Former Benedictine monastery in Montsalvy, France

Montsalvy Abbey (Abbaye de Montsalvy; Abbaye Notre-Dame de l'Assomption de Montsalvy) is a former Benedictine monastery located in Montsalvy, in the French departement of Cantal. It is now the Roman Catholic parish church of the village.

==History==

The original complex of buildings was built in the 11th century, according to Saint Gausbert's wishes. The monastery stood to the south of the church, around the current "place du cloître" (cloister) which was closed by the chapter house. A dwelling towards the east was also closed down. The refectory is still standing and located south of the former cloister. What remains currently of the dwelling is only the presbytery.

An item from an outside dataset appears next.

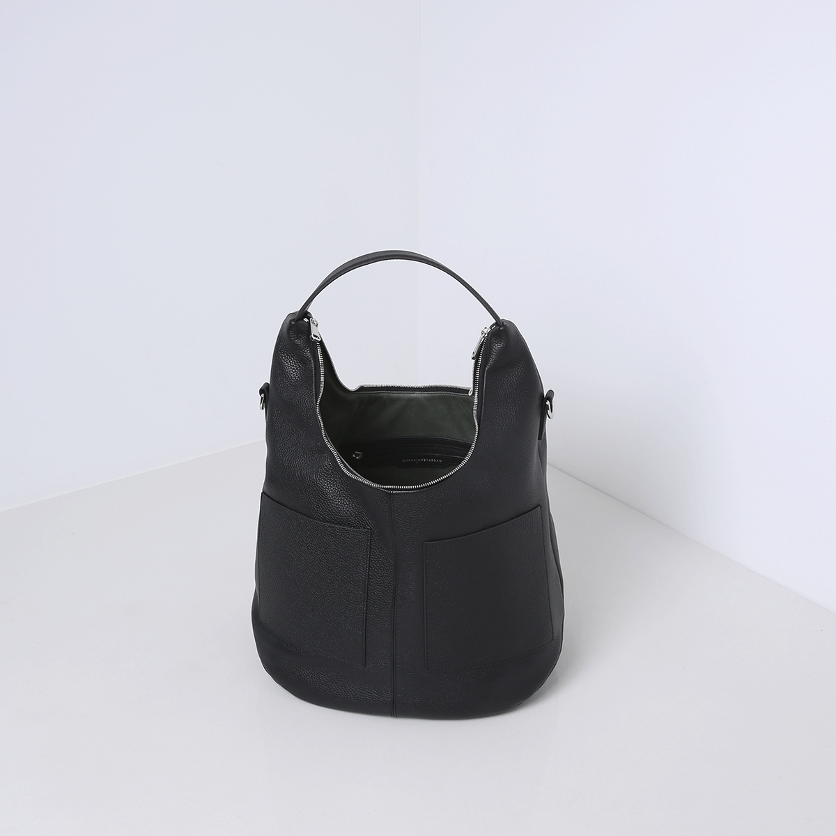 Eine geschmeidige Oboentasche mit einer geräumigen, weichen Silhouette, die sich schön um den Körper schmiegt. Die runde Form und die subtilen Linien verleihen der Tasche einen entspannten, aber eleganten Look. Dank des stabilen Bodens steht sie gut, während das Leder Ihren Bewegungen natürlich folgt.

The dependencies were registered in the "titre des monuments historiques" (the regional level of importance for objects or buildings in France) in 1942. The church, the chapter house, and the refectory were classified as "monuments historiques" in 1982 (national level of importance for objects or buildings).

==Description==

The former abbey church is a building of Romanesque style including a nave, two aisles, a transept, and three apse chapels. The outside aspect of the building was redesigned during the 17th century.

The other surviving buildings on the site include a chapter room that accommodates a permanent exhibition of valuable liturgical objects and a wooden medieval statue of Jesus Christ.